Create a "parameter interface" to the DFTB repulsive potential. 

Repulsive potentials are stored as splines towards the end of Slater-Koster (.skf) files.

Here, we optimize only the Zn-O and O-Zn repulsive potentials (which must be identical).

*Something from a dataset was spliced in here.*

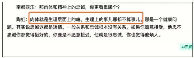 其实陶虹曾正面回应过徐峥的这些“花边新闻”,她表示“婚姻是两个人的合谋,没有标准答案,只有是否愿意接受的默契”“肉体出轨不算出轨”“谈忠诚是矫情”。
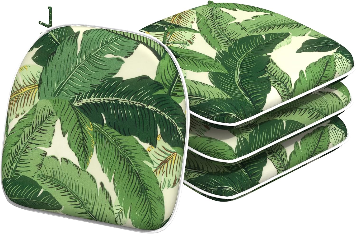 Indoor/Outdoor Chair Cushions 16x17 Inch, Patio Chair Cushions with Ties, All Weather Seat Cushions for Patio Furniture Home Garden Chair Use, Set of 4, Swaying Palms Green

* Take electronic parameters and unchanged repulsive potentials (e.g. O-O.skf) from AMSHOME/atomicdata/DFTB/DFTB.org/znorg-0-1

* Define an analytical repulsive function. Here, we choose a tapered double exponential of the form $V^{\text{rep}}(r) = f^{\text{cut}}(r)\left[p_0\exp(-p_1r) + p_2\exp(-p_3r)\right]$, where $p_0, p_1, p_2, p_3$ are the parameters to be fitted, and $f^\text{cut}(r)$ is a smoothly decaying cutoff function decaying to 0 at $r = 5.67$ bohr.

* r_range specifies for which distances to write the repulsive potential, and spline parameters, to the new O-Zn.skf and Zn-O.skf files.

* Only optimize parameters for the O-Zn pair. Note: The Zn-O repulsive potential will be identical to the O-Zn one. When specifying active parameters for a DFTBSplineRepulsivePotentialParams, the elements must be ordered alphabetically.

* Define initial values and allowed ranges for the parameter values.

In [5]:
interface = DFTBSplineRepulsivePotentialParams(
    folder=opj(os.environ['AMSHOME'],'atomicdata', 'DFTB', 'DFTB.org', 'znorg-0-1'), 
    repulsive_function=TaperedDoubleExponential(cutoff=5.67), 
    r_range=np.arange(0., 5.87, 0.1), 
    other_settings=dftb_s
)
for p in interface:    
    p.is_active = p.name.startswith('O-Zn:')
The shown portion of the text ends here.